Firstly, there’s this about the songwriting process on the new record:

Nowadays, Neil has a bit more of a focused idea of what things should sound like – I think back in the 90s it was probably a bit more collaborative. He actually quite likes to be collaborative; it’s just harder for us to do that with our lives structured the way they are. 
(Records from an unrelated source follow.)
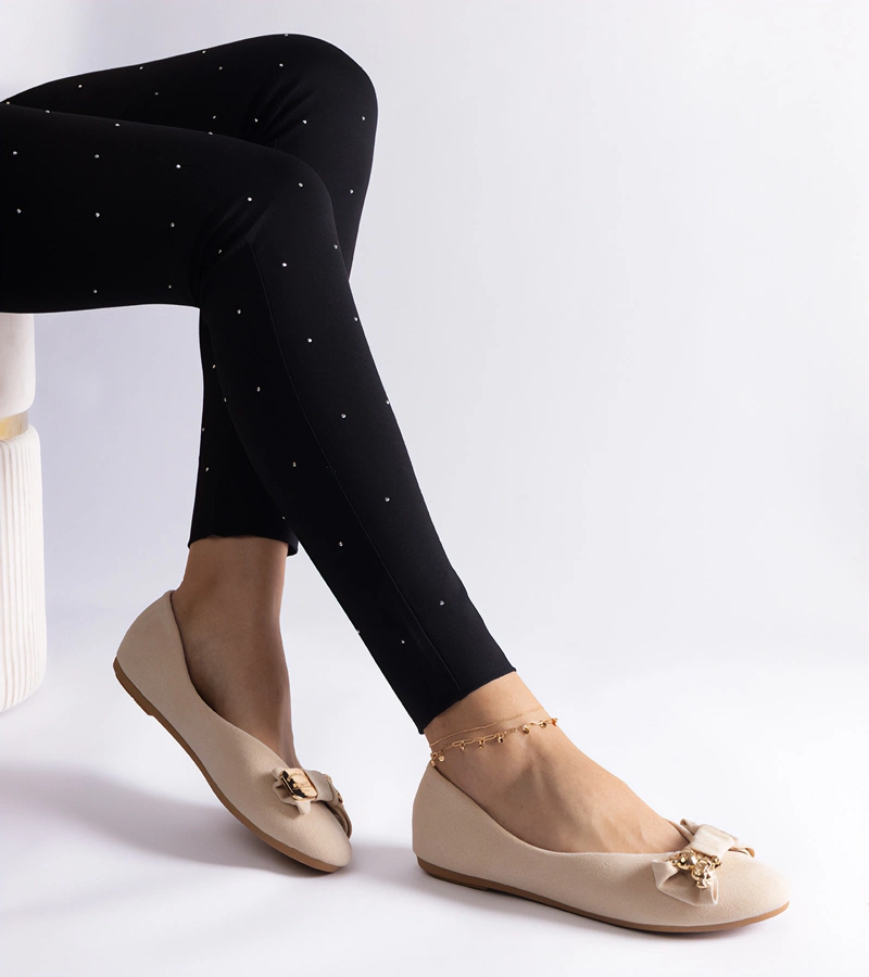 Hers baleriny damskie beżowe z kokardką i czarnym noskiem
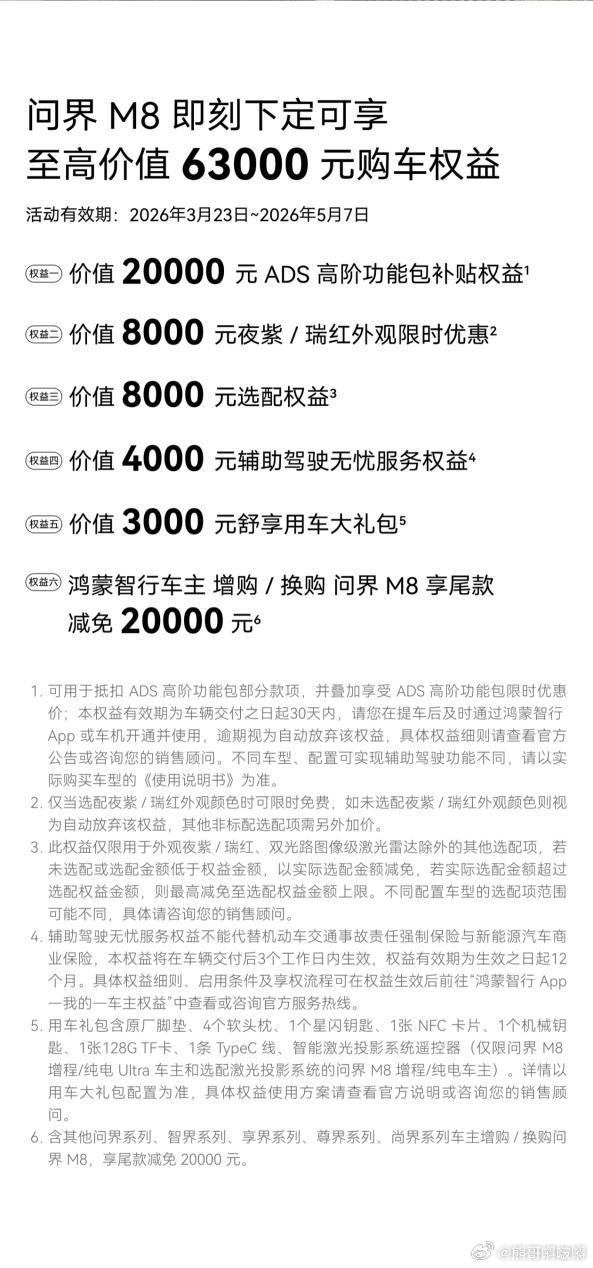 除全新车色外,问界M8新增的松鼠与松果迎宾灯效,以灵动可爱的松鼠与饱满松果为光影意象,点亮专属迎宾仪式,在每一次出行与归家时刻,带来治愈、温暖与吉祥相伴的仪式感。此外,升级后的问界M8还配备21英寸曜影运动轮毂,进一步强化整车运动姿态与高端豪华气场,提升车型外观辨识度与高端质感。发布会上,问界M8 Max增程长续航版重磅发布,在延续超强智能感知能力的基础上,实现续航性能全面跃升。新车配备53.4kWh电池,CLTC纯电续航里程可达322km,综合续航里程高达1590km,城市通勤与长途远行皆可从容应对。同时,车辆搭载途灵平台,兼顾操控灵活性与乘坐舒适性,让老人、儿童乘坐更舒心惬意,全方位提升家庭出行品质。为让用户轻松拥享智慧豪华体验,问界M8推出多重权益,即日起至2026年5月7日下定,即可享受至高价值63000元购车权益,包括价值20000元ADS高阶功能包补贴权益、价值8000元夜紫/瑞红外观限时优惠、价值8000元选配权益、价值4000元辅助驾驶无忧服务权益,以及价值3000元舒享用车大礼包,同时鸿蒙智行车主增购或换购问界M8享尾款减免20000元,多重礼遇一步到位。
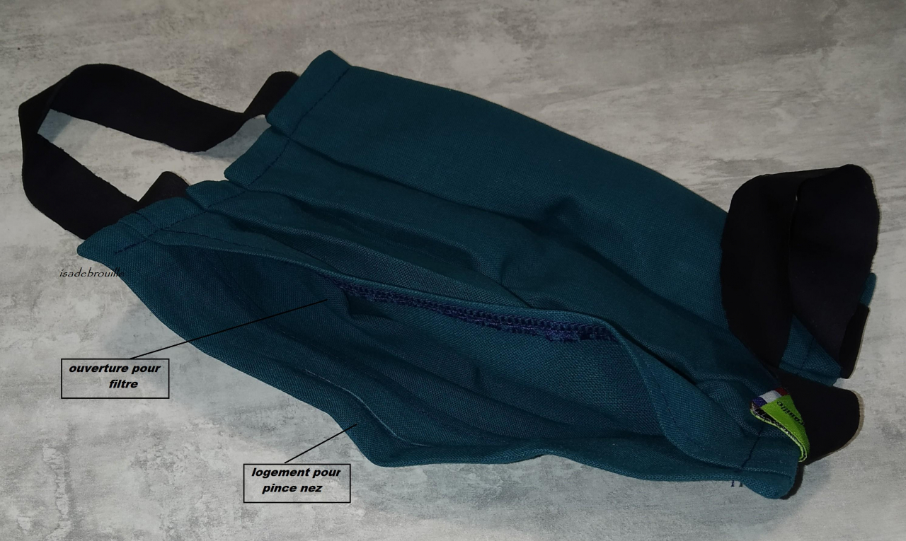 ce masque a deux épaisseur de coton (oeko-tex fabriquer en France ) avec une ouverture à l’arrière pour vous permettre d'y glisser un filtre supplémentaire (facultatif) comme un lingette microfibre ou une feuille de papier absorbant.

For this [forthcoming] record, there’s a couple of exceptions, but most of the songs were pretty fully realised in Neil’s head, and then we play around in the studio and play different parts and he acts as a producer as well… he’ll take it all away and cut it all up and mix it together and then we give it to a mix engineer to kind of finish off. He’s quite a traditional songwriter. His solo career is very sort of folksy, just an acoustic guitar and acoustic instruments and singing songs about Cornwall where he lives. And so, a lot of Slowdive songs actually come from that, then we just add the band’s kind of… aesthetic?

Nick Chaplin, Slowdive
Gear Talks: an interview with Slowdive @ Mixdown

For the gearheads, Chaplin offers a little info on how his six-string compatriots’ setups differ now than they did in their first incarnation:

Back in the 90s we had two boxes, they were Yamaha FX 500 boxes, and they had the traditional Slowdive sounds preprogrammed on them so you’d just hit a number and it would sit on top of the amp, and eventually we had them rack mounted, and that was it! And then the guitarists had basic distortion pedals, and maybe some chorus and reverb or whatever, but it was all through these little FX 500 units whereas now all that’s gone, and the guys have got these huge suitcases with about 50 million pedals on them.

Nick Chaplin, Slowdive
Gear Talks: an interview with Slowdive @ Mixdown

And as for his own gear, Chaplin reveals he’s switched from the Music Man Stingrays we always saw him with a few years ago – and yes, I checked my pics from their Tomavistas set in Madrid last year, and it’s a Jazz Bass:

I struggle with coordination, so I can’t have too many pedals… I’ve got a Hotcake overdrive and a Boss Bass Chorus and a tuner and that’s basically it. I don’t even have that many basses. At the moment I’m playing a Fender Jazz Bass, one of the newer active ones, I used to have a Jazz back in the 90s which was a passive one, and it never had enough grunt really for onstage, I used to always use the Musicman Stingray on stage because that was the one that would really cut through, and the rest of the band could always hear that big sound – and whenever I brought the Jazz out they’d be like, are you even playing? 

But I always wanted to go back to the Jazz cause I like the neck and I like the shape, so this time around when I saw that they’d produced some active ones that are slightly more powerful sounding I picked up one of those. That’s what I’m using at the moment. That and a Gibson Thunderbird, which I like cause it looks metal.